Pourquoi c’est inquiétant?
Les récifs coralliens sont utiles aux populations qui habitent les Outre-mer dans plusieurs domaines. D’abord, ils jouent un rôle dans la protection des côtes en absorbant une grande partie de l’énergie des vagues, ce qui a pour effet de réduire les dommages sur les aménagements littoraux lors des évènements météorologiques extrêmes, tel que les cyclones ou les fortes houles. Ensuite, les récifs coralliens sont primordiaux dans la sécurité alimentaire, l’une des grandes causes du quinquennat d’Emmanuel Macron. Or, ils regorgent d’espèces et la pêche fait vivre les populations.
Les écosystèmes côtiers dépendants de ces récifs, tels que les mangroves et les herbiers, permettent la séquestration et le stockage du carbone.

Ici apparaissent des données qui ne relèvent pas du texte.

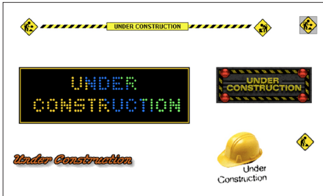
Figure 4. Examples of under construction GIFs.

meaning in a single GIF. This symbolic complexity makes them an ideal tool for enhancing two core aspects of digital communication: the performance of affect and the demonstration of cultural knowledge. The combined impact of these capabilities imbues the GIF with resistant potential, but it has also made it ripe for commodification. The adoption of the GIF for commercial purposes demonstrates the recognition of these key features and highlights how the GIF has transitioned from a user-driven format within niche digital cultures to a visual device with institutional applications and investment. In the pages that follow, we outline and articulate the GIF's features and affordances, investigate their implications, and discuss their broader significance for digital culture and communication.

Les mangroves par exemple stockent plus de carbone par hectare que les forêts terrestres, a constaté le GIEC. Enfin, les organismes marins jouent un rôle important, dans le milieu médical. “La moitié de la recherche sur les médicaments contre le cancer est basée sur les organismes marins, détaille l’IFRECOR. Ils sont également utilisés dans le traitement de maladies comme le paludisme ou la dengue. Extrait d’une éponge des récifs de la Caraïbes, l’AZT est un médicament utilisé contre le VIH.”
Et maintenant ?
Le bilan 2020 montre que, d’une manière générale, la dégradation de l’état des récifs coralliens se poursuit dans les Outre-mer. Mais l’IFRECOR pointe quelques signes d’amélioration, “liés à la résilience ou à l’effet positif des aires marines protégées”, pour encourager la préservation des écosystèmes. Il s’agit donc de poursuivre la mise en œuvre de la loi biodiversité de 2016 et du plan biodiversité de 2018 qui vise la protection de 100% des récifs coralliens d’ici à 2025.
Deux autres axes sont mis en avant. D’abord, la réduction des pressions liées aux activités humaines avec l’aménagement du territoire, la gestion des eaux, la promotion d’une agriculture respectant l’environnement ou encore une pêche durable. Et ensuite la poursuite du travail de surveillance dans les trois océans. Dans ce domaine, l’IFRECOR regrette qu’elle soit encore insuffisante dans certaines collectivités au regard de la surface des récifs, les moyens alloués étant par ailleurs souvent trop faibles pour assurer un suivi régulier.